It’s May, 2016 and I’m just about 11 months into treatment. The late night / early waking version of insomnia has been back lately. Now devoid of the classic panic I used to experience, I sort of enjoy the quiet hours of contemplation it affords me. I mean… I’d RATHER be sleeping. But this isn’t the worst fate. Anyway, laying awake in bed tonight I ducked into my “drafts” folder on this blog… so many half written posts. The one below was the first blog I ever wrote here. And it’s a gem.
I wrote this just after I tested positive and was about to be diagnosed with late stage Lyme disease. Too afraid of sharing a part of my heart that I hadn’t acknowledged even to myself in so many years (nearly a decade), I didn’t have the guts to publish it back then.
Honestly, it’s scary to share even now. I never realized how intensely my MS diagnosis altered my perception of what I could have in life, of what I deserved, of what I was free to pursue.
But I read this now and I’m so moved. Because here I am, nearing the completion of my first year of Lyme disease treatment, and I find my perspective on my ability to be well has changed and along with it, my beliefs are changing and my hopes and dreams are catching up. I believe.
I believe I can get well.
I believe I can choose any future I’d like.
I believe I can let someone love me in a real, meaningful, “rely on me” kind of way.
And it’s fucking amazing. And terrifying. And exciting. And very very strange… like this sort of hope still doesn’t belong to me. But I’m opening to the shift.
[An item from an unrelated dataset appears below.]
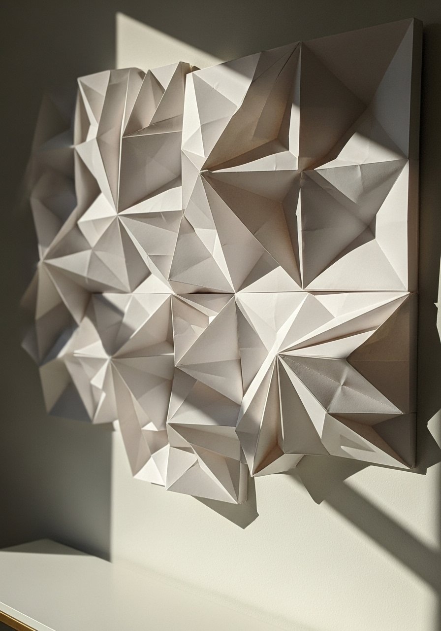 I folded heavyweight paper into simple geometric fans and mounted them in a cluster for a 3D wall piece that reads like art. It’s a low-cost way to bring dimension; I used neutral card stock in cream and warm gray. I framed the cluster with a slim 36-inch round mirror nearby for added light. Mistake to avoid: spacing pieces too evenly — slight irregularity makes it feel intentional and modern.

I am so excited to be sitting in a place of greater possibility than I ever allowed myself before.
Written in June, 2015:
I spoke to a friend the other day – another battler of lifelong chronic illness. Thanks to her encouragement, I had a momentary glimpse at something really exciting.
She’s happy for my impending diagnosis of Lyme. It’s a thing that only chronically ill people would understand, being happy for such a terrible diagnosis. But Lyme disease is different from things like MS (an incurable degenerative neurological condition I was told I’d have the rest of my life). With Lyme there is good news: It’s treatable.
“You could get well,” she said. It stopped me in my tracks. I could get well. What a thought.
Ever since I was diagnosed with MS at 21 years old, ongoing wellness has never been an option in my mind. My mind was permanently changed with the idea that life is to be lived for right now, that tomorrow is a gift and not to make too many commitments. And as a Buddhist kid who really doesn’t believe in permanence in any real way, I’ve adapted well to this idea and have gone about my merry way building a life for me that I could step out of at any moment no problem.
She asked me, what would I do? What would I do if that wasn’t true anymore? What if tomorrow were just a little more sure? Surprising imagery came to mind – a family. Kids. Adoption. Partnership. For once not being afraid to ask someone else to rely on me, get close, say crazy things like “forever”. Wow.
The very thought of it made me uncomfortable, like those ideas don’t belong to me, like I’m not allowed them. She gently prodded “I think it’s important you start thinking about what you’d do with a healthy life.”
I don’t think I ever realized how much the acceptance of my fate with MS colored my perception of my future. Admittedly, if it was caused by was Lyme all along, and treatment could in fact make me well, the future would hold a lot more options for me. Of course, this early on, none of that feels like a good idea to dream about. I mean, who knows how any of this will turn out or how well I can really hope to be with treatment.
For now I’ll dream about the possibility for new dreams. Let’s start with that.